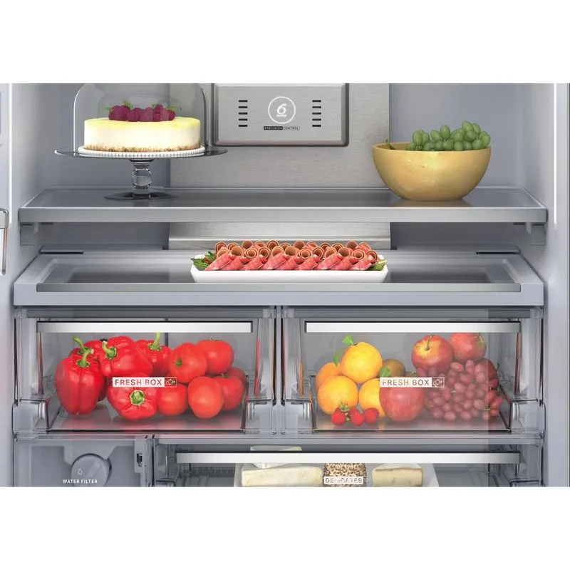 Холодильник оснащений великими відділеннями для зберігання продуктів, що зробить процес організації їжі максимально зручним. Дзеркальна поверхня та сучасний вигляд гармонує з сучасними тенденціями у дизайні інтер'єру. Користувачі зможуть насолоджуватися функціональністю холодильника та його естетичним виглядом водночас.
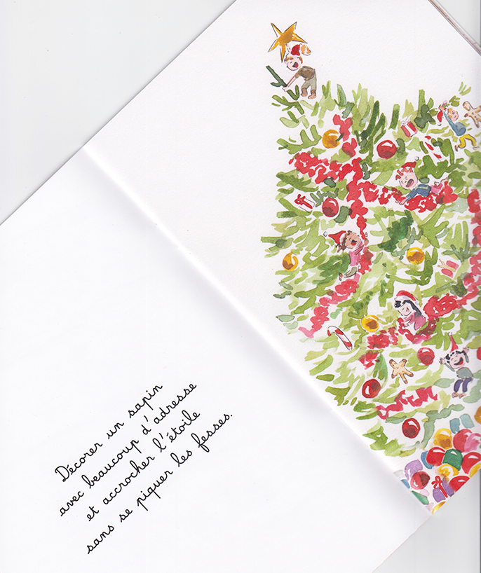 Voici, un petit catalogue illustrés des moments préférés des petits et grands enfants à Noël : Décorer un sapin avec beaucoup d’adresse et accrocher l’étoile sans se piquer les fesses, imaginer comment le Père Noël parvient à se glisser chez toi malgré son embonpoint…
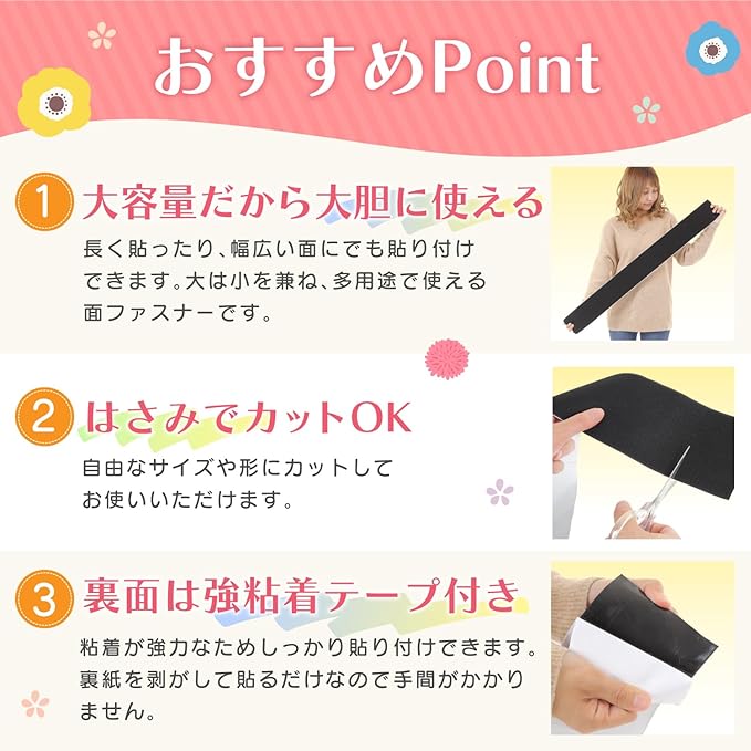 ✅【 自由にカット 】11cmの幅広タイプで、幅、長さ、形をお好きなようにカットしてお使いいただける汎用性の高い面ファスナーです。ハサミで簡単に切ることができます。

##########

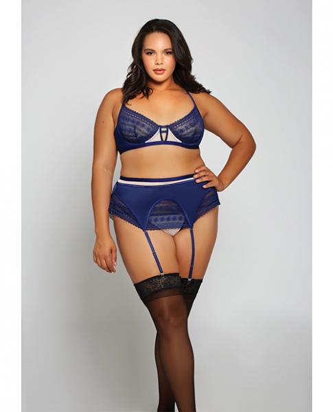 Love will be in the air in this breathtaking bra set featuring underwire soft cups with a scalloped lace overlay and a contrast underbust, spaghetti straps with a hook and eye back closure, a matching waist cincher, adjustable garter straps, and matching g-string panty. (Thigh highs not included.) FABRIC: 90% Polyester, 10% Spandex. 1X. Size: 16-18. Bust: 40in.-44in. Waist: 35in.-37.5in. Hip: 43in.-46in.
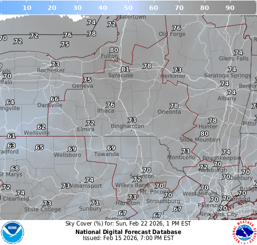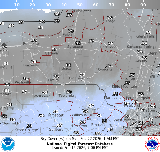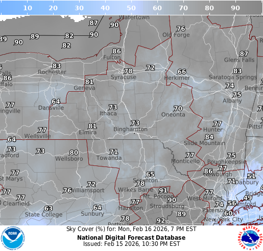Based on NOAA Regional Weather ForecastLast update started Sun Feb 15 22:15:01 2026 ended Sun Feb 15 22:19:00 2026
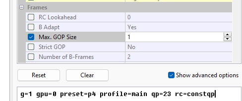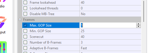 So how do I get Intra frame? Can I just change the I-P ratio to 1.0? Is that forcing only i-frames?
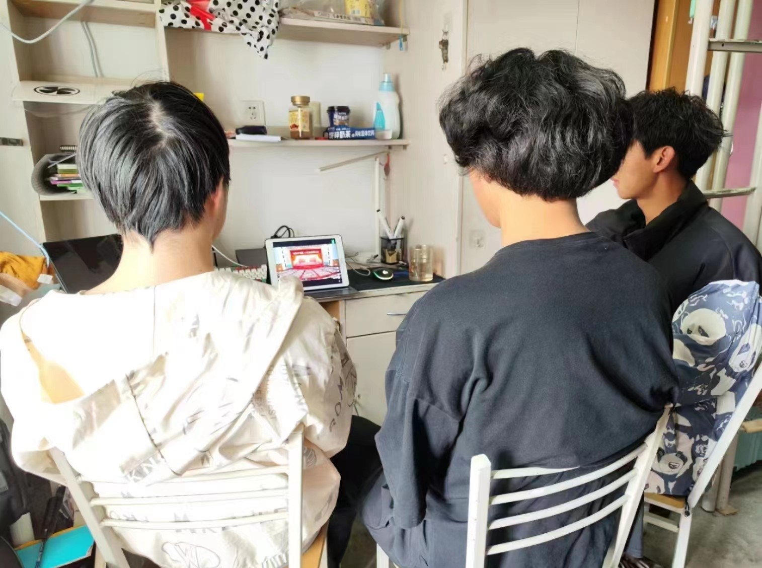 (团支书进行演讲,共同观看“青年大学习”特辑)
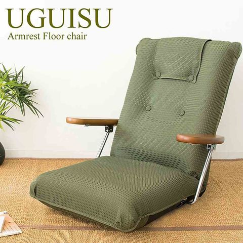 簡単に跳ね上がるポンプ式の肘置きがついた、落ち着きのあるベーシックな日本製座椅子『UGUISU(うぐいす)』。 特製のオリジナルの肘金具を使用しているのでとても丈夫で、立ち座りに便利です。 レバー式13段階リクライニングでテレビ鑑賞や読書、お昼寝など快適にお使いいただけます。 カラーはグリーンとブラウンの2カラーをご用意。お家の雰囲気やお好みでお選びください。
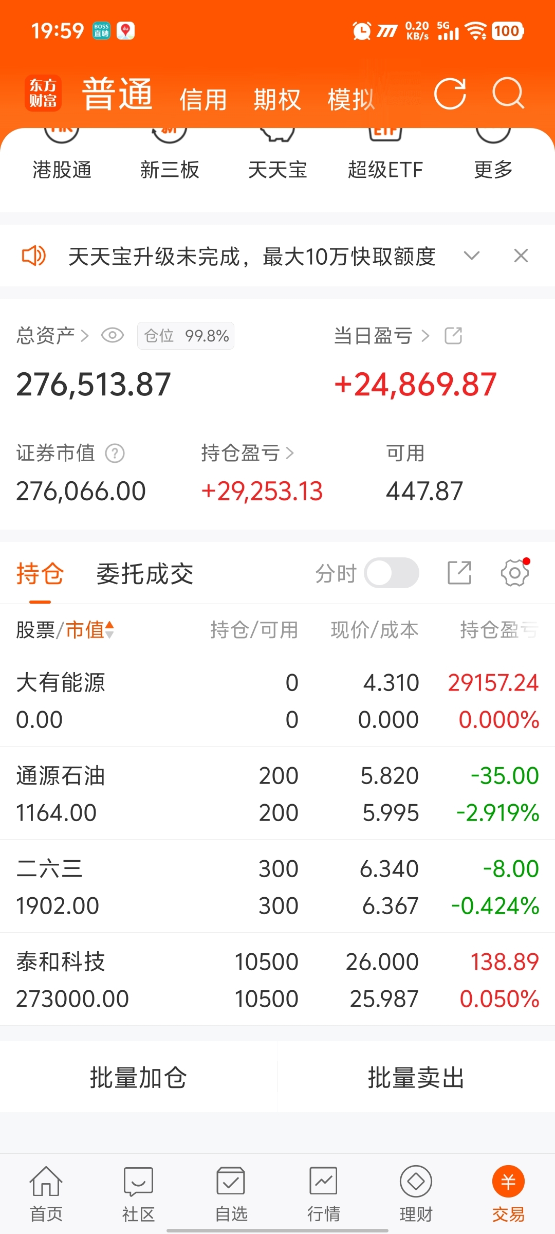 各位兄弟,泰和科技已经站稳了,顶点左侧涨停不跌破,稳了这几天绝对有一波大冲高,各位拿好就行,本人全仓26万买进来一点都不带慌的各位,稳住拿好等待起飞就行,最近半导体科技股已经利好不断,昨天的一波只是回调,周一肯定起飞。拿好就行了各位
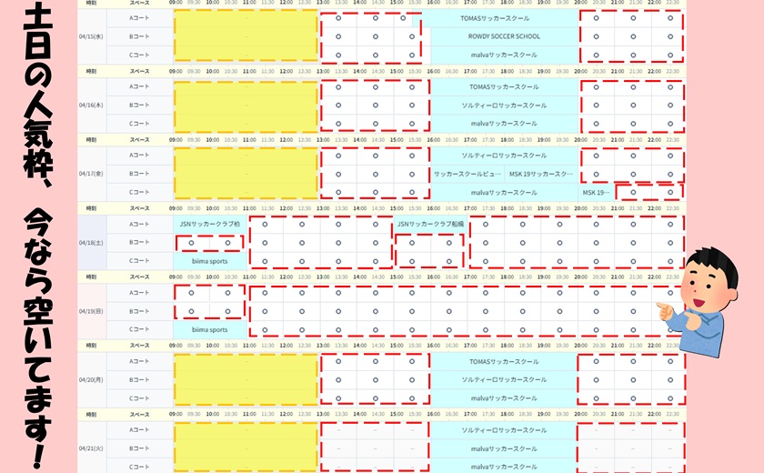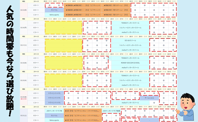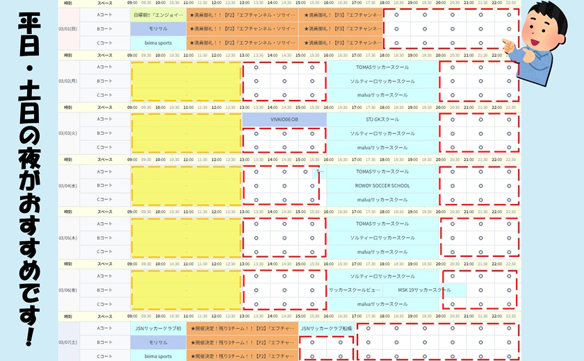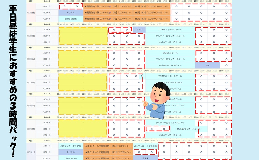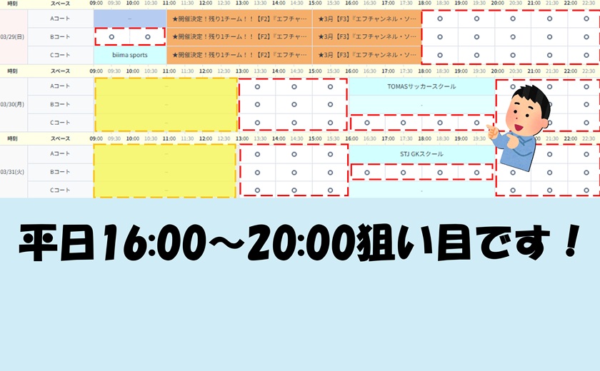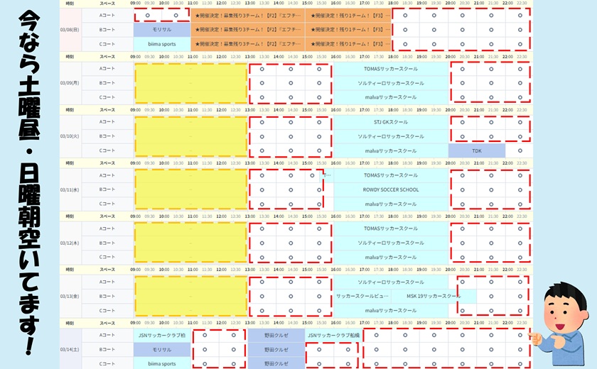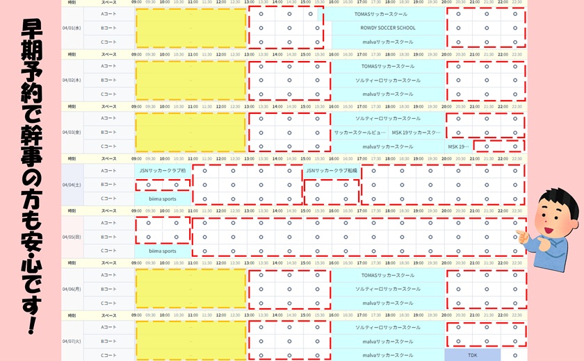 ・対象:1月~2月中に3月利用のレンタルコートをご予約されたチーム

##########

Work to be completed: Where a picture appears in the records above, omit it, and transcribe exactly the stretch of lines from the one with "Холодильник оснащений великими" through the one with "Voici, un petit".

Completed task:
 Холодильник оснащений великими відділеннями для зберігання продуктів, що зробить процес організації їжі максимально зручним. Дзеркальна поверхня та сучасний вигляд гармонує з сучасними тенденціями у дизайні інтер'єру. Користувачі зможуть насолоджуватися функціональністю холодильника та його естетичним виглядом водночас.
 Voici, un petit catalogue illustrés des moments préférés des petits et grands enfants à Noël : Décorer un sapin avec beaucoup d’adresse et accrocher l’étoile sans se piquer les fesses, imaginer comment le Père Noël parvient à se glisser chez toi malgré son embonpoint…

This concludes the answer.